- Year: 1800s
- Type: Public fountain
- Medium: Stone
- Dimensions: 1.3 m × 2.15 m (4.3 ft × 7.1 ft)
- Location: Neilston, Glasgow, Scotland; 55°47′13.2″N 4°23′47.2″W﻿ / ﻿55.787000°N 4.396444°W;

= Johnny Blues Well =

The Johnny Blue's Wells (Johnny Blue Waal) (Barrhead Dialect) is a spring well in the back roads district in East Renfrewshire, Scotland. Standing 1.3 m high and 2.15 m wide, it is a small former watering point between Neilston and Barrhead on Springfield Road.

==History==

According to local tradition, Johnny Blue was a print maker in the dye works who walked past the well going home to Neilston and reputedly washed the blue dye off himself there. His real name was James Ferguson and he came from Gateside.
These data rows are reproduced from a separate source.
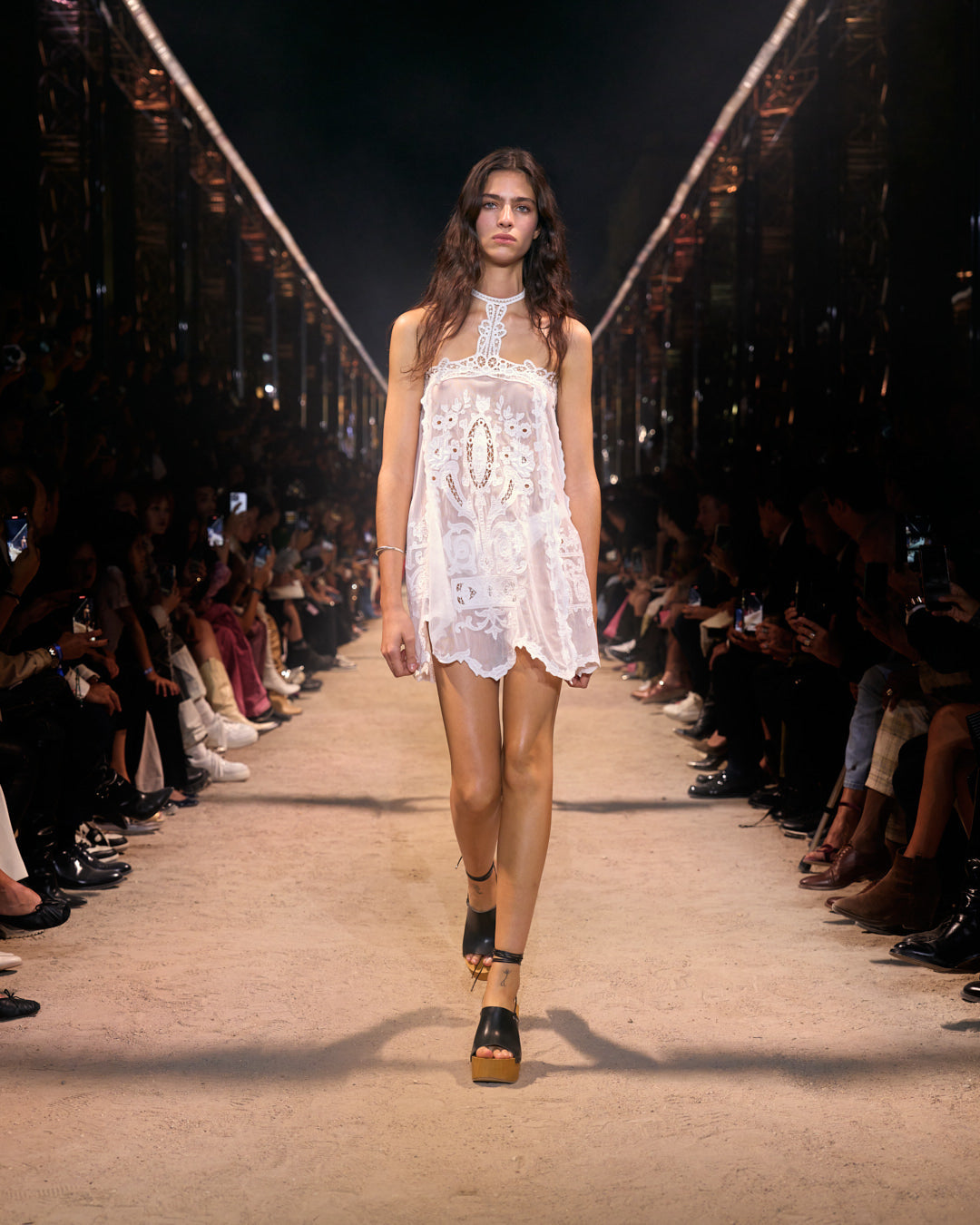 The collection draws inspiration from ornamental Art nouveau curves and radiance. Artisanal embroideries sketch organic motifs on tulle tops and dresses – echoed by intricate lace collars.
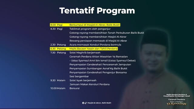 Majlis Ceramah Perdana Ahlan Wasahlan Ya Ramadan (Syamsul Debat) pada 13 Februari 2026 (Jumaat) Selepas Solat Fardhu Maghrib. Muslimin dan Muslimat Dijemput Hadir!
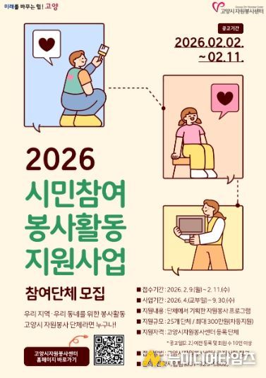 고양시자원봉사센터는 ‘2026 시민참여 봉사활동 지원사업’에 참여할 자원봉사 단체를 모집한다고 2일 밝혔다.
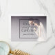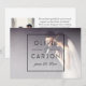 Moderna och stilrena falska vellum svarta och vita bröllops korts tack meddelanden har en enkel och minimalistisk svart typografisk och geometrisk monogram design foto överlägg på framsidan och elegant anpassat tack meddelande som kan anpassas på baksidan av kortet, bredvid ett andra foto av bruden och brudgummen.
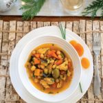 Add spices, salt, olives, chicken, lemon zest (not juice), dried apricots, and stock. Bring to a boil, cover, reduce heat to low, and simmer for 30 minutes, or until carrots and chicken are tender.
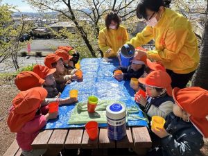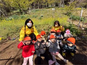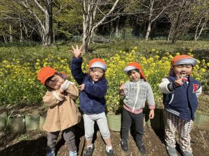 その後は、菜の花の前でクラスごとに写真を撮りました。
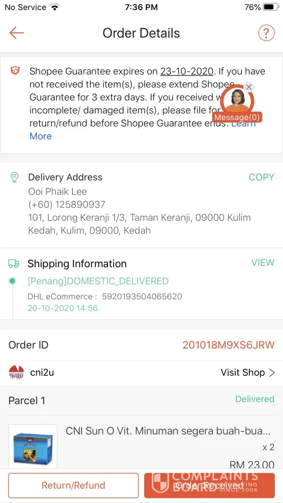 Saya nak buat complaint berkaitan dengan barang yang saya nak hantar ke :

Ferguson was also a poet, two of his poems appeared in Vale of Leven poet, Hugh Caldwell's 1903 collection as part of a brief flyting between the two writers and a further poem appears in The Annals of Barrhead.

"Johnnie Blue" wis a poet, Gateside his abode,
His well's situated on Neilston back-road,
An' over its waters he cast a great spell,
That they'd a' be poets who drank oot the well.

— Hugh Caldwell

In 2017, the East Renfrewshire Council assured Barrhead residents that the local landmark would be preserved after concerns were raised about a new housing development at the site. Residents have requested a plaque to be mounted and it be declared a historic site.